START PROVIDED DATA

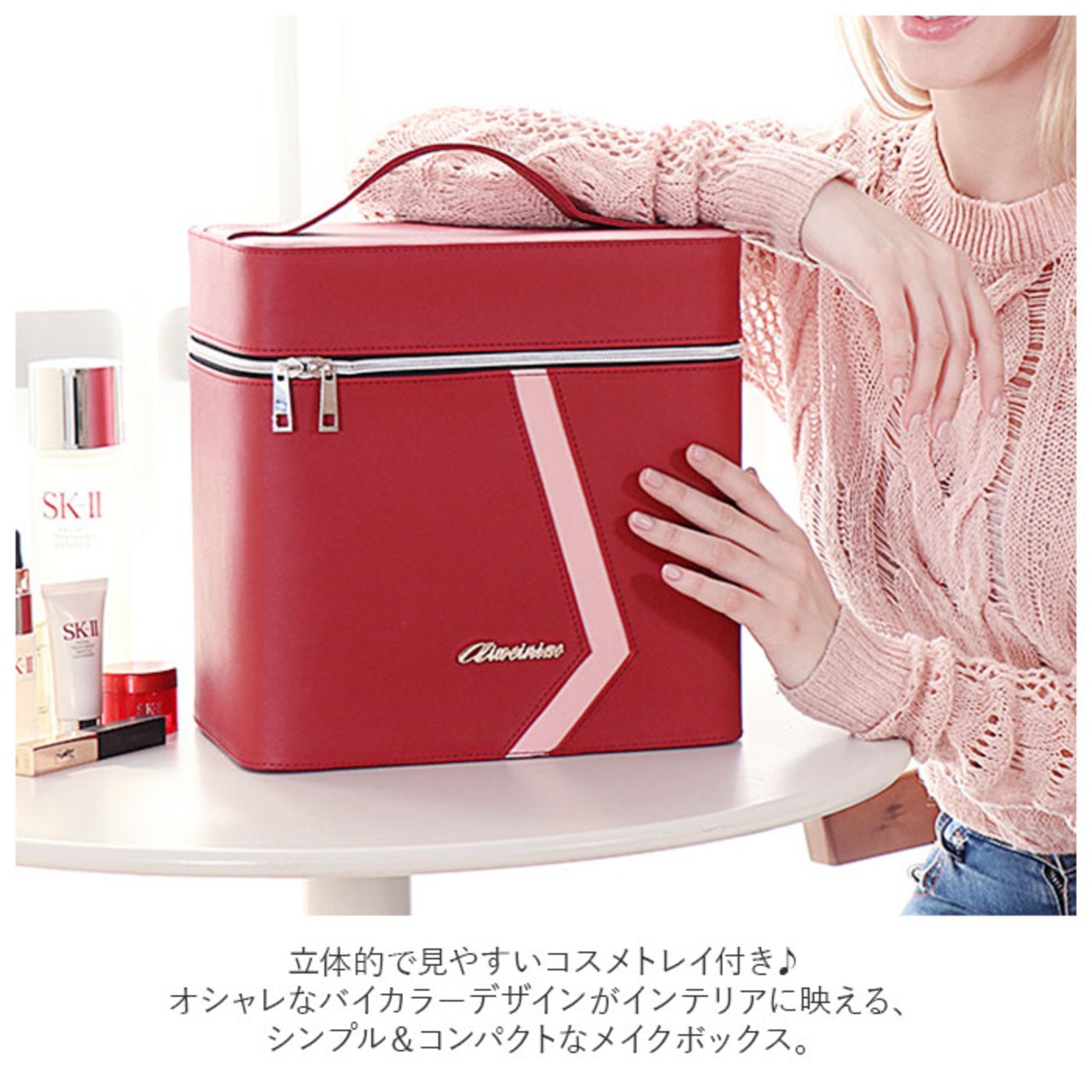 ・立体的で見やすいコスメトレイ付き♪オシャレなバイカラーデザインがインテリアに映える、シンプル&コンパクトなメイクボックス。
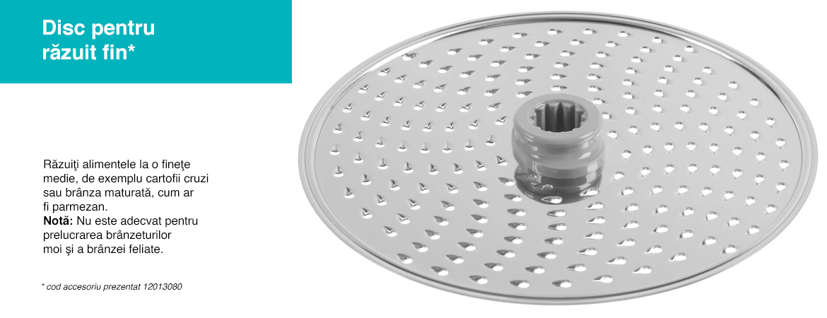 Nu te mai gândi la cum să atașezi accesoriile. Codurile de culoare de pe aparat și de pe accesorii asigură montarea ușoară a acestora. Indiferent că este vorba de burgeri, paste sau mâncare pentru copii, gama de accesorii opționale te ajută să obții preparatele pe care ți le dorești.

END PROVIDED DATA
START PROVIDED DATA

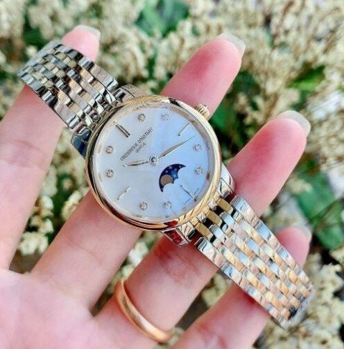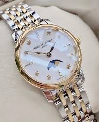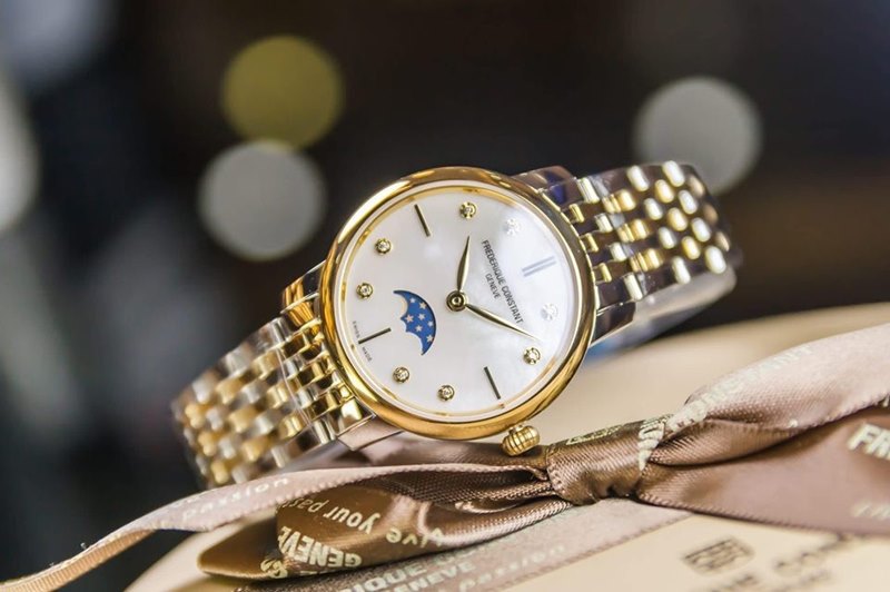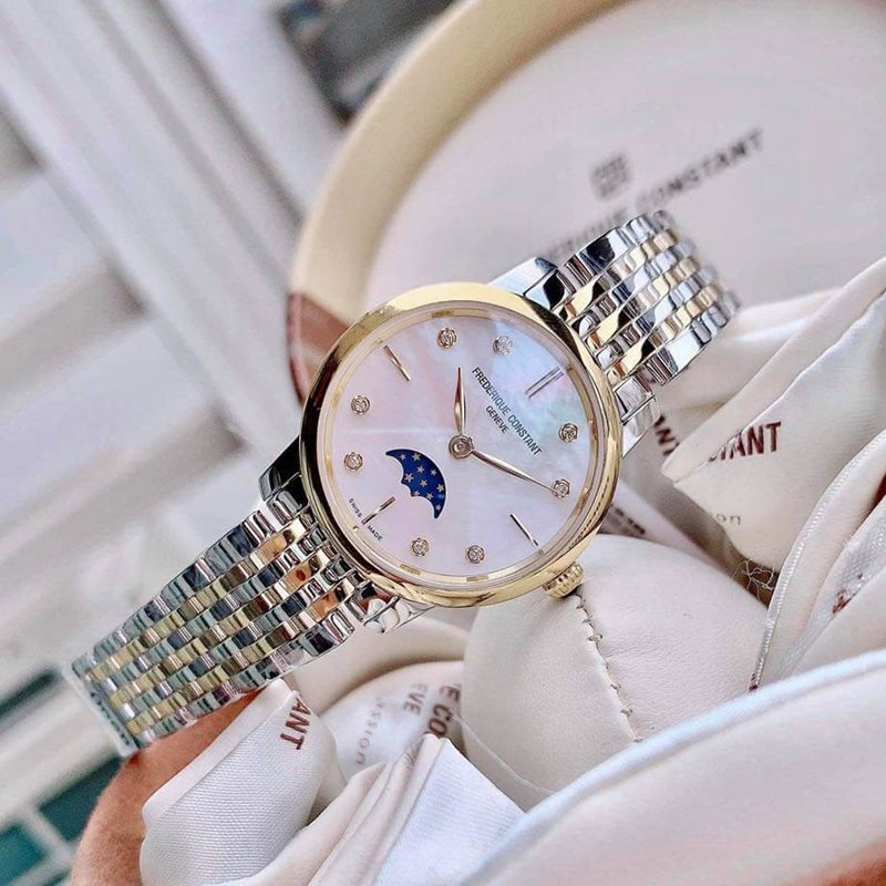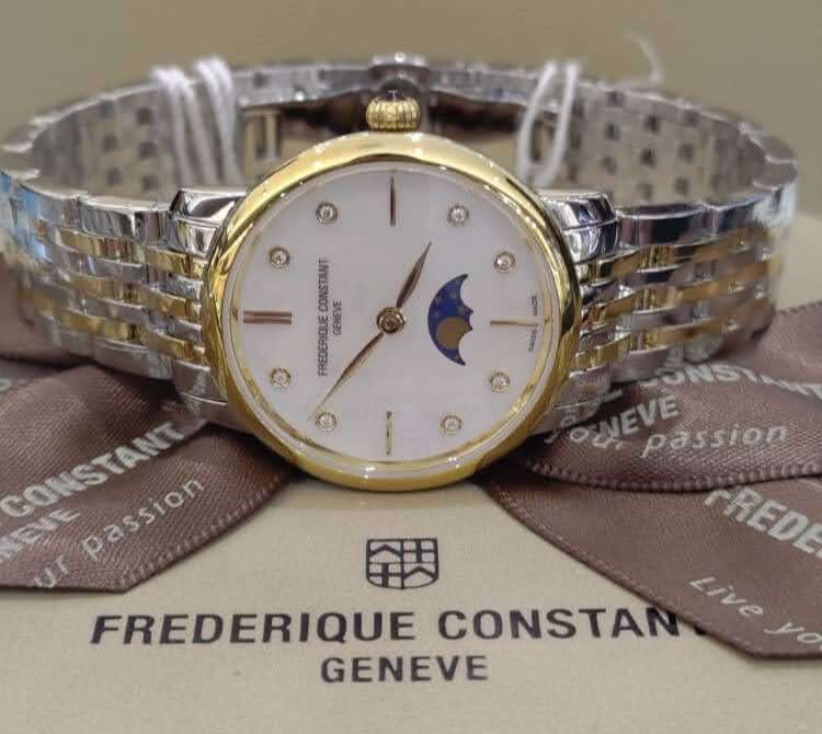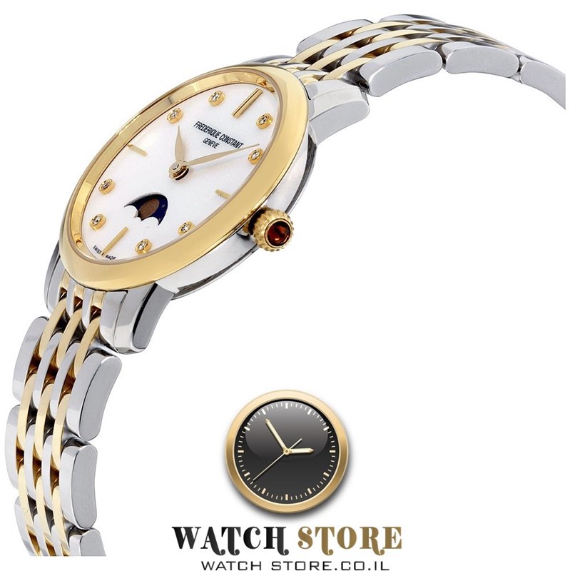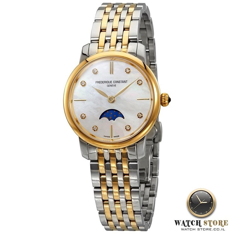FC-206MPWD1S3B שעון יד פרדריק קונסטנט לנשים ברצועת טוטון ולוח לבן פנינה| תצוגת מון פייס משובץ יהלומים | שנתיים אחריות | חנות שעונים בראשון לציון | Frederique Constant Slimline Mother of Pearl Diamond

END PROVIDED DATA
START PROVIDED DATA

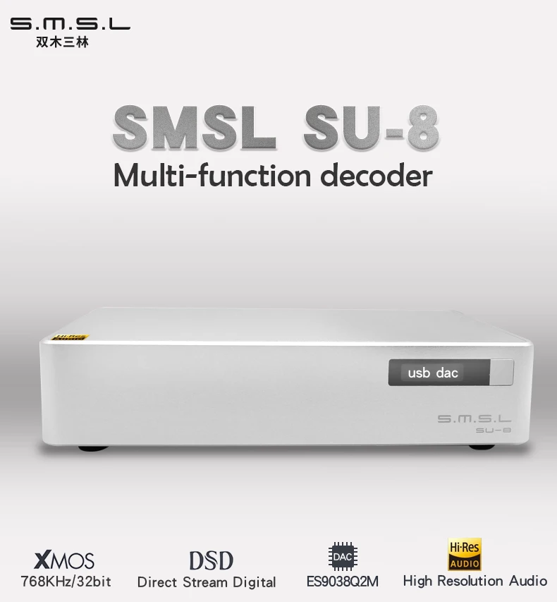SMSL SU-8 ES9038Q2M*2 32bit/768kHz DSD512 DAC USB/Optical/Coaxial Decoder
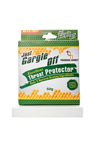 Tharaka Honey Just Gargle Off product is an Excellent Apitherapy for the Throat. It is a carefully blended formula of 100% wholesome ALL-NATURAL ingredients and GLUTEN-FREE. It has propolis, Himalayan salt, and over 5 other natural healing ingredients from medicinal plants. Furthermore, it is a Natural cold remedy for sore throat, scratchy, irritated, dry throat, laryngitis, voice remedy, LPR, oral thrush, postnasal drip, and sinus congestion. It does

END PROVIDED DATA

* _PROBLEM TO SOLVE_
For the material above, give again only the lines starting at the line that contains "SMSL SU-8 ES9038Q2M*2" and ending at the line that contains "Tharaka Honey Just". Pictures do not belong in the copy.

* _ANSWER SECTION_
SMSL SU-8 ES9038Q2M*2 32bit/768kHz DSD512 DAC USB/Optical/Coaxial Decoder
 Tharaka Honey Just Gargle Off product is an Excellent Apitherapy for the Throat. It is a carefully blended formula of 100% wholesome ALL-NATURAL ingredients and GLUTEN-FREE. It has propolis, Himalayan salt, and over 5 other natural healing ingredients from medicinal plants. Furthermore, it is a Natural cold remedy for sore throat, scratchy, irritated, dry throat, laryngitis, voice remedy, LPR, oral thrush, postnasal drip, and sinus congestion. It does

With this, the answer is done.